Nutch：contentデータの文字化け対策

Nutch*1メモ。

SegmentReaderでcontentデータをdumpすると、UTF-8以外の文字コードが文字化けする。

SegmentReader実行時の引数はこんな感じ。

-dump crawl/segments/[0-9]{14} crawl/segments/[0-9]{14}/dumped_text -nofetch -noparsetext -noparse -nogenerate -noparsedata

とりあえずの解決法

HttpResponseクラスのコンストラクタの

readPlainContent(in);

String contentEncoding = getHeader(Response.CONTENT_ENCODING);
if ("gzip".equals(contentEncoding) || "x-gzip".equals(contentEncoding)) {
  content = http.processGzipEncoded(content, url);
} else if ("deflate".equals(contentEncoding)) {
 content = http.processDeflateEncoded(content, url);
} else {
  if (Http.LOG.isTraceEnabled()) {
    Http.LOG.trace("fetched " + content.length + " bytes from " + url);
  }
}

この部分の直後に

analyzeEncoding(content);

こいつを追加。
で、そのメソッドが以下。

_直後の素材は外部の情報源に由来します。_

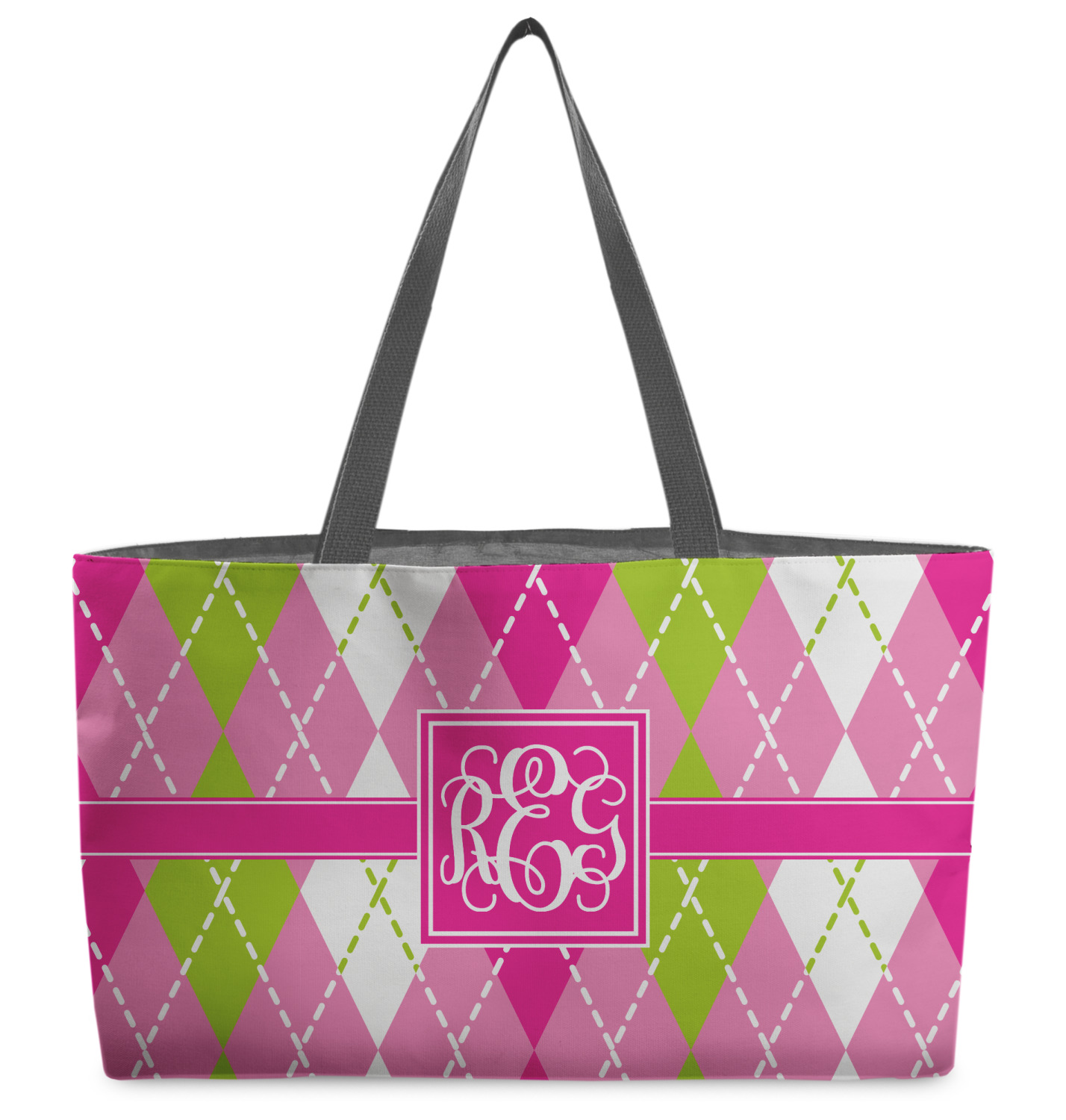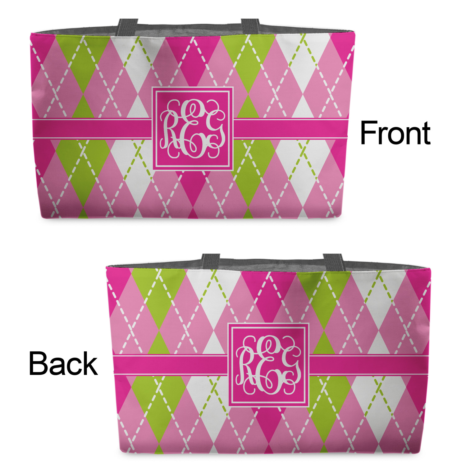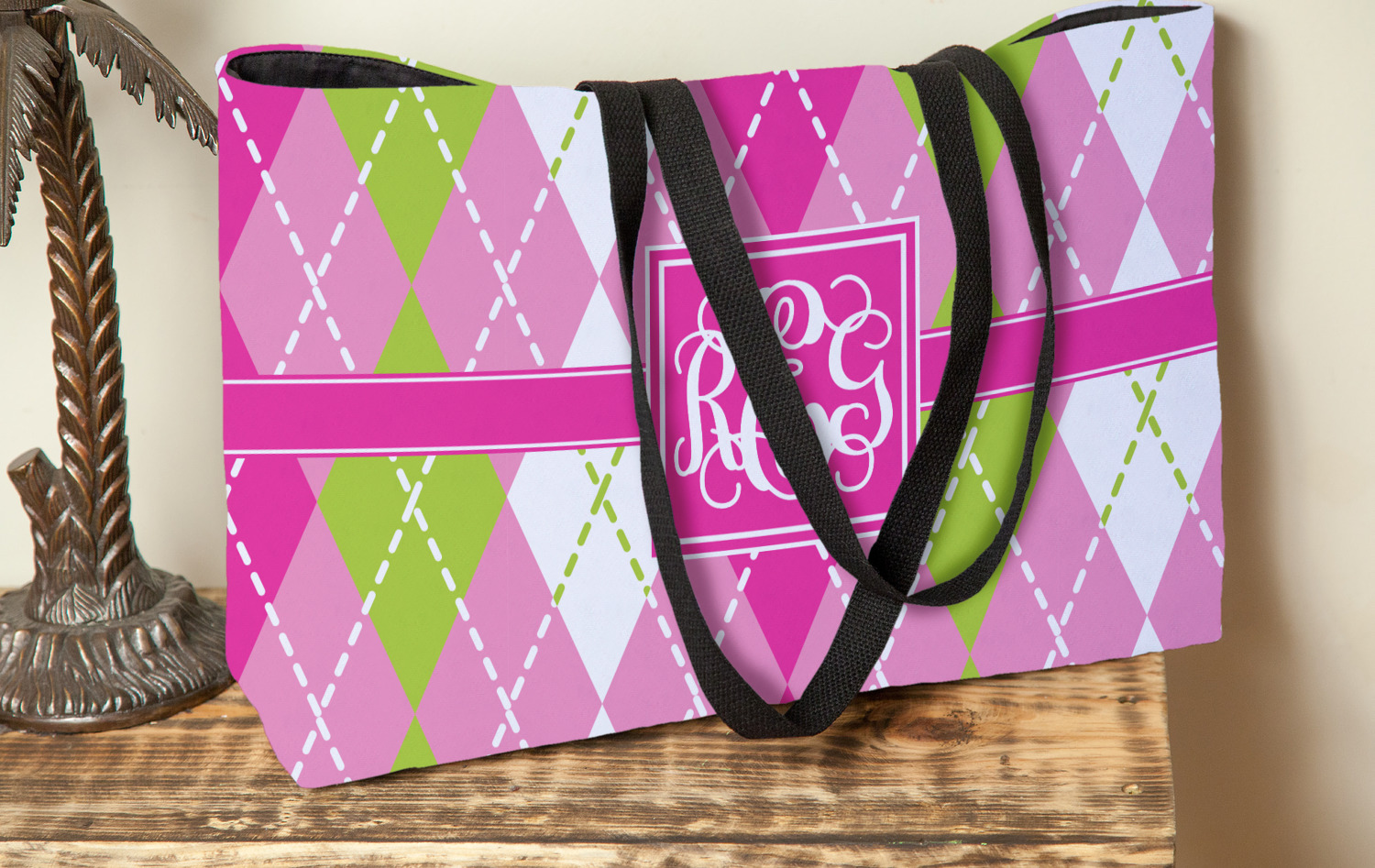 Looking for a preppy, yet still girly girl design? This pink and green argyle print with a square label and an interlocking monogram is as girly as it gets. We have created this argyle pattern in lime green, orchid pink and hot pink. For all of us girly girls and preppies and princesses, this design is a favorite!
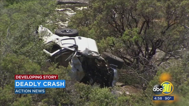 FRESNO, Calif. (KFSN) -- Two Clovis men are dead and one was airlifted with major injuries Tuesday after their car tumbled off Highway 168 and plunged more than 600 feet down a ravine.

(問題があったため09/07/06に修正)

  private void analyzeEncoding(byte[] contentIn)  throws IOException {
    byte[] buf = new byte[Http.BUFFER_SIZE];
    UniversalDetector detector = new UniversalDetector(null);
    int nread;

    BufferedInputStream in = new BufferedInputStream(new ByteArrayInputStream(contentIn));

    in.mark(Http.BUFFER_SIZE * 10);
    while ((nread = in.read(buf)) > 0 && !detector.isDone()) {
      detector.handleData(buf, 0, nread);
    }
    in.reset();

    detector.dataEnd();
    String encoding = detector.getDetectedCharset();
    if (encoding != null) {
      System.out.println("Detected encoding = " + encoding);
    } else {
      System.out.println("No encoding detected.");
      encoding = "UTF-8";
    }
    detector.reset();

    content = (new String(contentIn, encoding)).getBytes();
  }

これで多分解決。
文字コードの判別にはjuniversalchardet*2を使用。

失敗メモ

readPlainContent(in);

このメソッド内で文字コード判別してから保存すると、そのあとのgzipの処理でエラーが発生。
というわけで、gzip処理後に文字コード判別が正解っぽい。

ちなみに

この書き換えを行うと、contentデータは文字化けしないけど、パースした後のデータが文字化けする。
多分HTMLのcharsetとかを見て文字コード判別してるせいかな？
↑と同じDetector使えば良いのかも。

でもパースしたデータは使わないので無視。

というか

こんな事しないでmetaタグのContent-Type見れば早かったかも。

*1:http://lucene.apache.org/nutch/

*2:http://www.void.in/wiki/Universalchardet